Robert Kiyosaki Warns Biggest Crash in History; Shares Survival Strategies – Coinpedia Fintech News
The new week kicked off with a strong bullish push in the crypto markets. The global market cap surged past $1.26 trillion, indicating a promising recovery. With Bitcoin holding above $34,000, the bulls maintain a favorable position. Additionally, some altcoins are showing signs of potential breakouts. However, amid positive indicators, one analyst warns of a looming bearish scenario for Gold and Silver and how Bitcoin is the only lifeboat. Read on to learn more about the potential crash and its underlying reasons.
Following the 60/40 Rule May Bring Woes in 2024?
Renowned financial expert Robert Kiyosaki, well-known for his bestselling book “Rich Dad Poor Dad,” has made a bold prediction about an imminent economic crash, challenging traditional investment advice. Kiyosaki suggests that adherents of the conventional 60/40 investment strategy may suffer significant losses in 2024. He proposes a radical shift, recommending allocating 75% of investments into assets like gold, silver, and Bitcoin, with the remaining 25% in real estate and oil stocks.
Kiyosaki Bets $1 Million on Bitcoin? Forget Gold and Silver?
Kiyosaki’s unconventional stance is rooted in his belief that gold, silver, and Bitcoin will be invaluable during times of economic uncertainty, potentially experiencing substantial growth when traditional markets decline. He is notably bullish on Bitcoin, predicting it could reach $120,000 within the next year and even surge to an astonishing $500,000 per BTC by 2025. In the event of a global economic downturn, Kiyosaki speculates that Bitcoin’s price might reach unprecedented heights, possibly soaring to $1 million.

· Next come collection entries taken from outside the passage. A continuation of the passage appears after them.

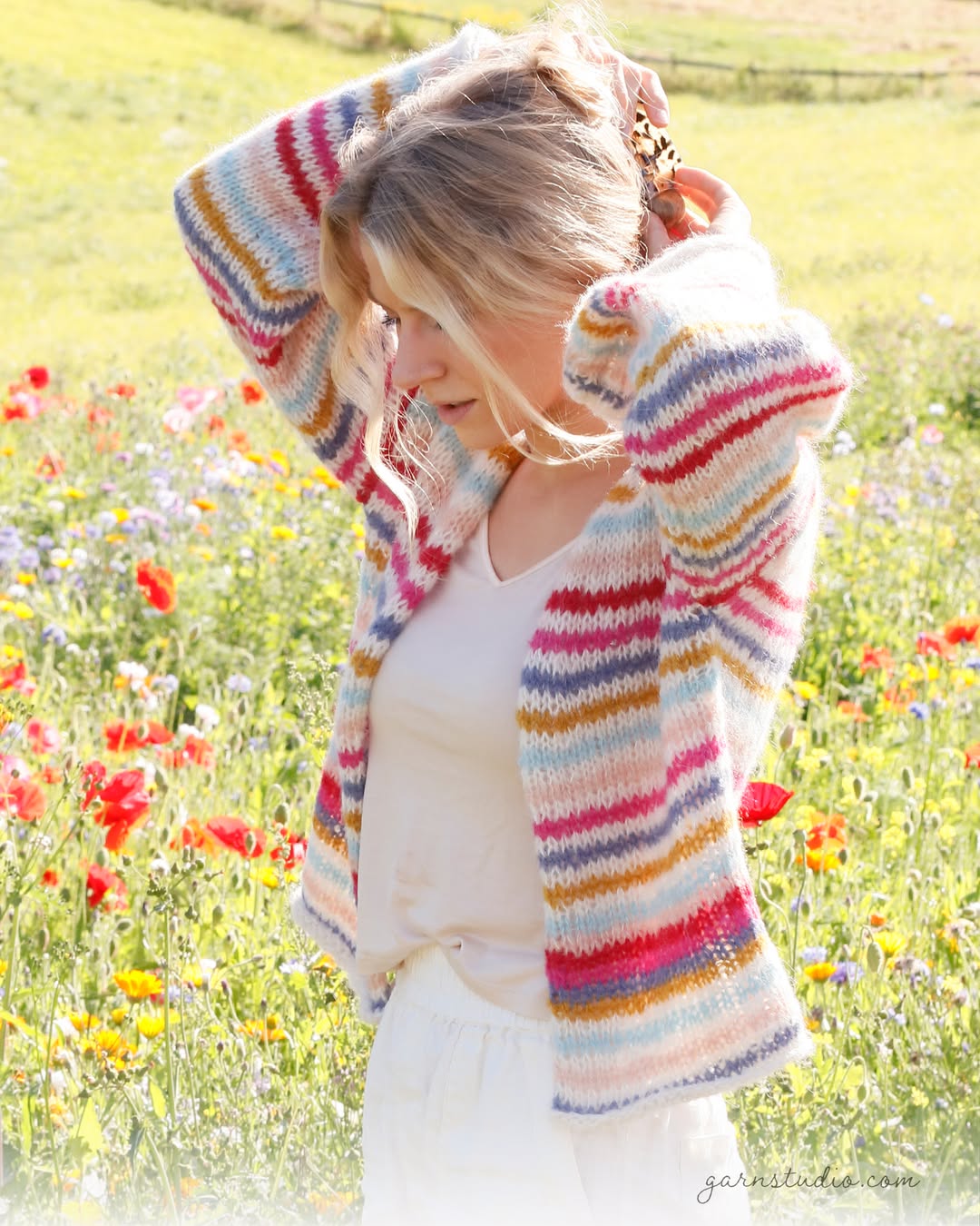 Lightweight yarn and soft rainbow stripes feel right at home in a blooming field. The airy knit keeps it breezy and perfect for layering over simple basics. Slightly flared sleeves add a relaxed, carefree touch. This is the kind of feel-good knit Etsy shoppers picture for spring outings.
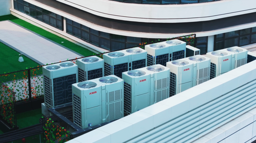 针对园区复杂多样的能源需求,太阳雨工程师团队深入调研,为园区量身定制了“光伏发电+低温空气能冷暖水循环机组+热泵多联机”解决方案。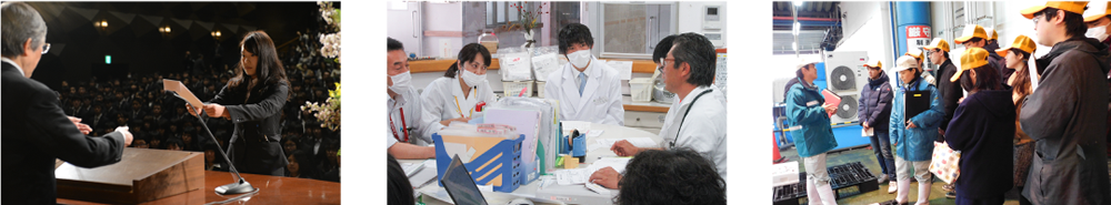 | 1年次 | 教養や基礎医学の勉学に励む日々。一方、病院見学や患者介護等の体験学習が早くもスタート。原子力発電所、原発事故被災地や、産業衛生、衛生行政、疫学研究等、地域での生活に密着した現場へも出向き見学しました。 |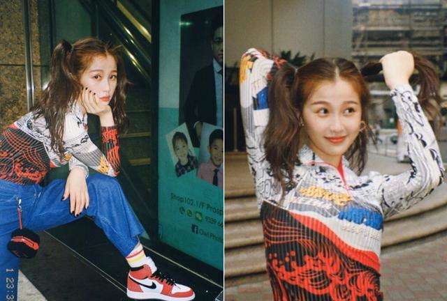 其实欣欣子平时穿的都是比较偏甜美鬼马少女感的衣服,很少看到有这张照片中的这类穿搭,整体的颜色搭配非常完美,是蓝红的撞色搭配,非常和谐。上衣是一件高领的印花紧身上衣,把欣欣子的身材曲线显现出来,紧身的衣服有一个优点就是可以让身材显得更加纤细,下身一条百搭深色牛仔裤怎么搭都不会出错,但是姐妹们要注意,上身紧的话下身可以稍微搭配宽松一点的裤子。逛街当然必备AJ呀,以及腰间的挎包也搭配得很相衬。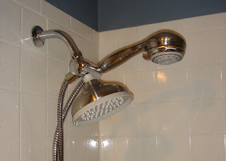 I highly recommend a rounded shower curtain rod...feels like a whole 'nother room in there! Lots of elbow room!

What’s Creating Panic in Traditional Market?
Kiyosaki’s concerns revolve around the extensive money printing by the U.S. Federal Reserve, which raises questions about the stability of traditional currencies, particularly the USD. His warnings echo the sentiments of many financial experts, leading investors to consider alternative assets as a means to safeguard their wealth.
A Lot Can Change Post FOMC Meeting
As trouble escalates in the Middle East, Bitcoin finds itself amid its second major geopolitical conflict in two years. The upcoming Federal Reserve meeting on November 1, where a decision on benchmark interest rates will be made, poses a potential short-term volatility catalyst. Despite persistent inflation surpassing market expectations, Bitcoin has been largely unaffected by recent Fed rate decisions.
Market expectations currently lean towards the Federal Open Market Committee (FOMC) keeping rates unchanged this week. While Bitcoin has diverged from stock market trends in recent months, a potential correction in the S&P 500 could challenge this newfound independence, especially as the S&P 500 has seen a 4% loss in the past month. Research firm Santiment suggests that this deviation from stock market correlation signals the resurgence of the crypto bull market.